Verdriet


De vijf jarige uit Servië afkomstige Philip is dood ge vonden in het water. Hij woonde net een week in Duitsland. Het jochie leed aan epilepsie. Dit korte berichtje in de krant brengt alle angst bij mij terug van ruim 30 jaar geleden. Onze Wim kreeg op zijn vierde een hersenontsteking en hield daaraan epilepsie over. Hij had vaak behoorlijk zware aanvallen. Meestal voelde hij dat aankomen en kwam dan naar binnen als hij toevallig buiten was. Mama, ik kan niks meer zien, zei hij dan.

Want zo begon het meestal. Maar hij had ook absences, die van het ene op het andere moment konden optreden. En wat als hij iets verder uit de buurt was en niet meer thuis kon komen als het begon. Ik stond altijd doodsangsten uit, maar heb hem toch – op hoop van zegen- losgelaten. En al kon hij zich soms behoorlijk bezeren als hij viel wanneer een aanval begon en je net niet in de buurt was, buiten is er gelukkig nooit iets ernstigs gebeurd. Wel viel hij soms uit bed en brak dan zijn bv. Zijn pols. Ik voel bijna lijfelijk de angst die de ouders gevoeld moeten hebben toen hun zoontje vermist was en het grijpt me bij de keel. De angst dat onze kinderen (en later ook kleinkinderen) iets overkomt is bij mij mede hierdoor altijd groot geweest.

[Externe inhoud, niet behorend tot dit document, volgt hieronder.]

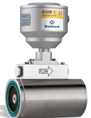
F-106AX 高流量防爆质量流量计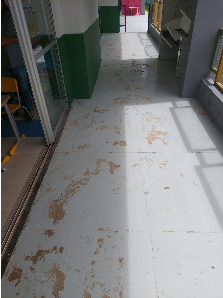
Piso com Pintura danificada

Ik dacht dat het was weggezakt maar niets is minder waar. Dat begrijp ik nu door dit berichtje. Want wat Philip is overkomen is waar ik altijd bang voor ben geweest. Natuurlijk is er veel verandert. Momenteel gaat het goed met mijn kinderen en kleinkinderen. En dat doet me beseffen dat ik ook het gelukkigst ben als zij dat ook zijn. Ik ben in gedachten bij de ouders van Philip, ook al zullen ze daar weinig van merken.